■ About this exercise ■
Some entries follow. Reproduce exactly the lines starting at the one with "鍛造銀特有の内側から輝くよう" and stopping after the one with "Client asked WuXi".

■ Dataset entries ■
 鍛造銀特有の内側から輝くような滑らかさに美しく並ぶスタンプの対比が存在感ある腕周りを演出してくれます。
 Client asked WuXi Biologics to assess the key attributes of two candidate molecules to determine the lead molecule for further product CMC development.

--

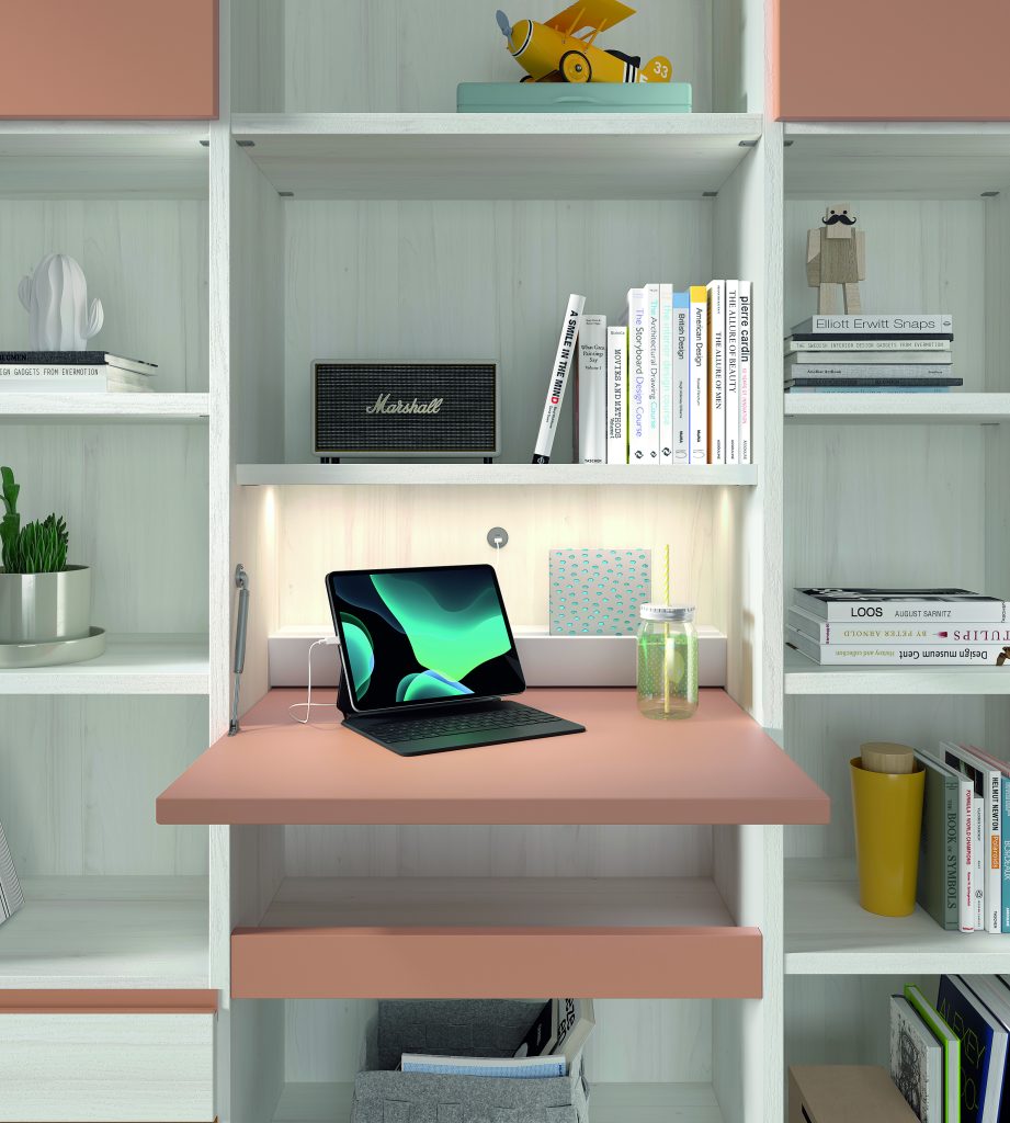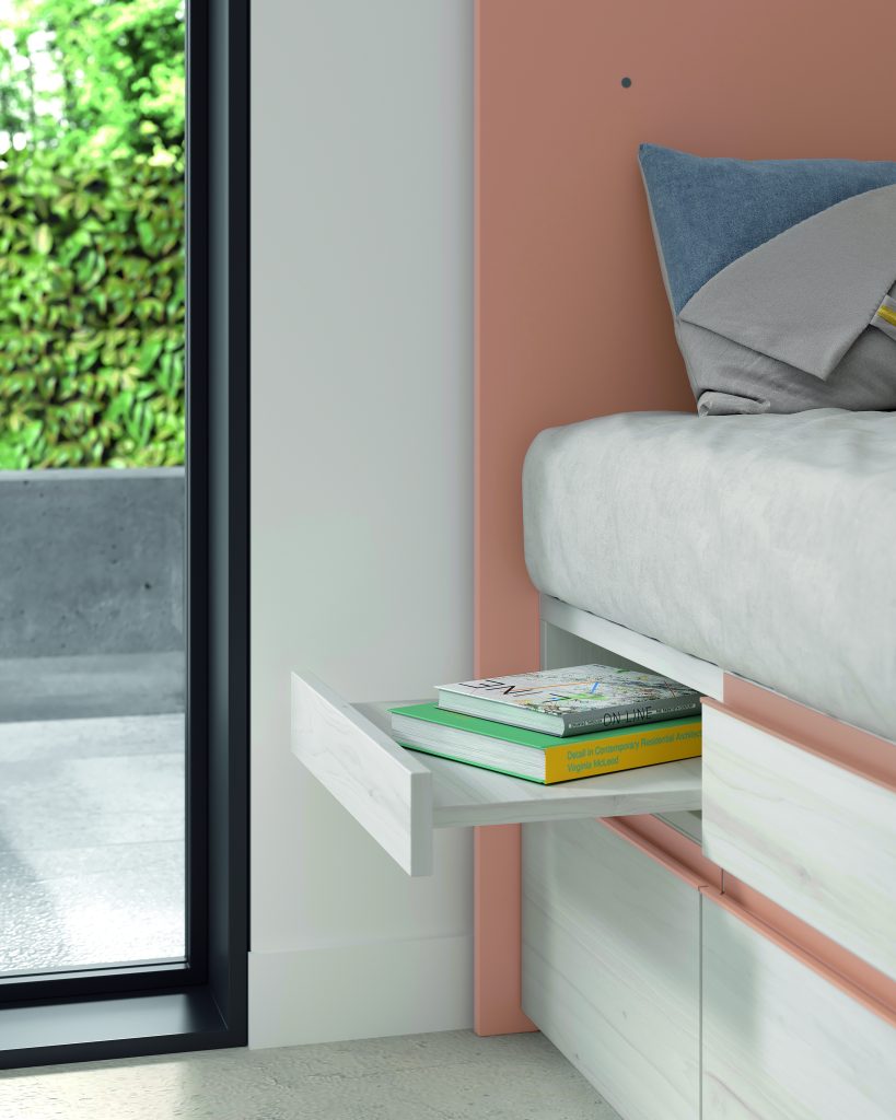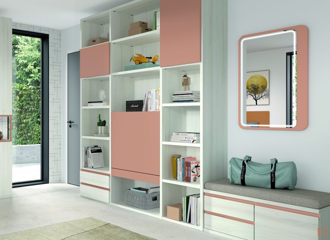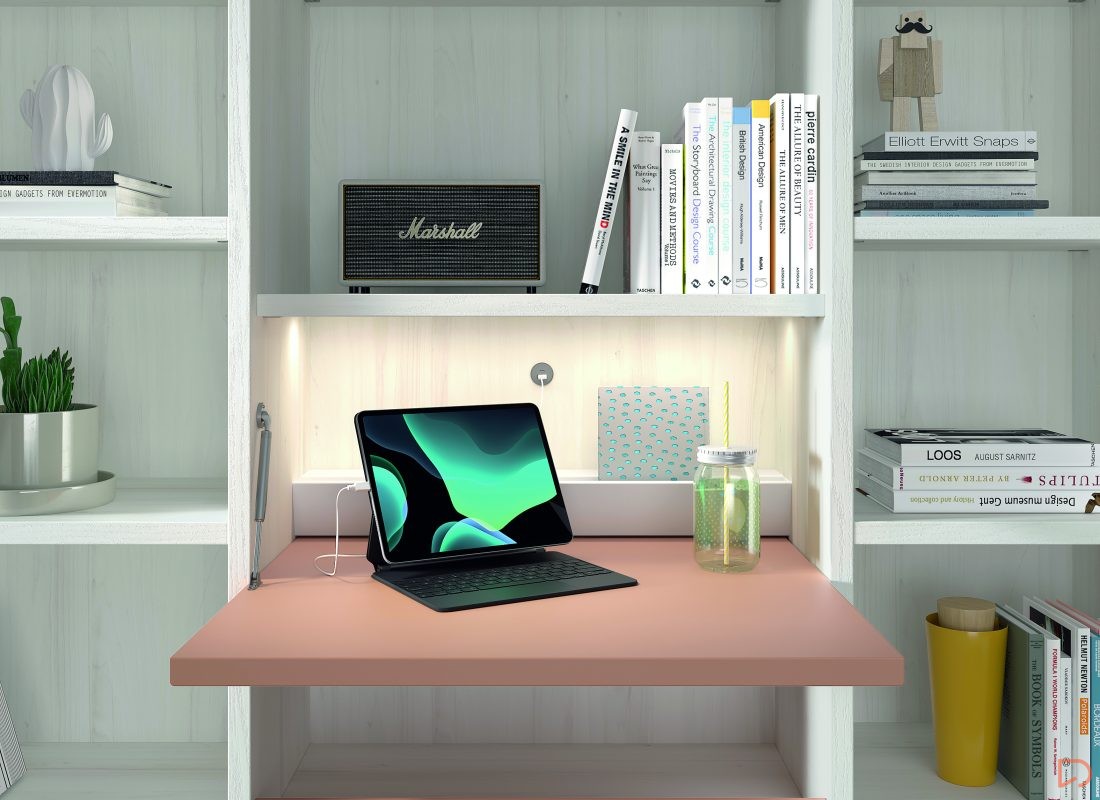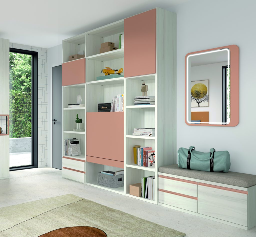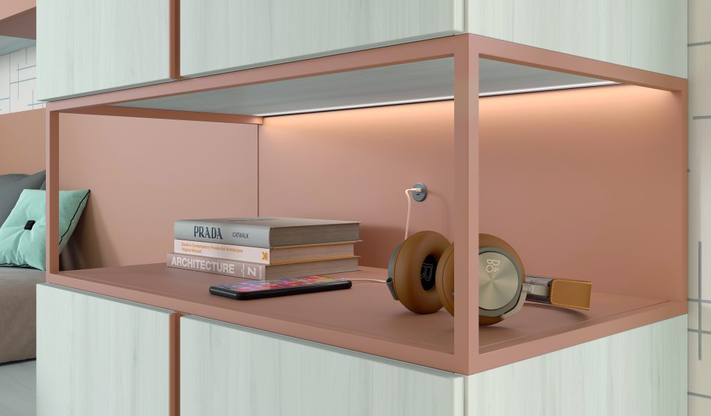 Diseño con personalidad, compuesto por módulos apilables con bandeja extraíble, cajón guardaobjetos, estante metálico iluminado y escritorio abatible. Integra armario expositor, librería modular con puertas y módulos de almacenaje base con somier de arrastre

■ Result for this exercise ■
 鍛造銀特有の内側から輝くような滑らかさに美しく並ぶスタンプの対比が存在感ある腕周りを演出してくれます。
 Client asked WuXi Biologics to assess the key attributes of two candidate molecules to determine the lead molecule for further product CMC development.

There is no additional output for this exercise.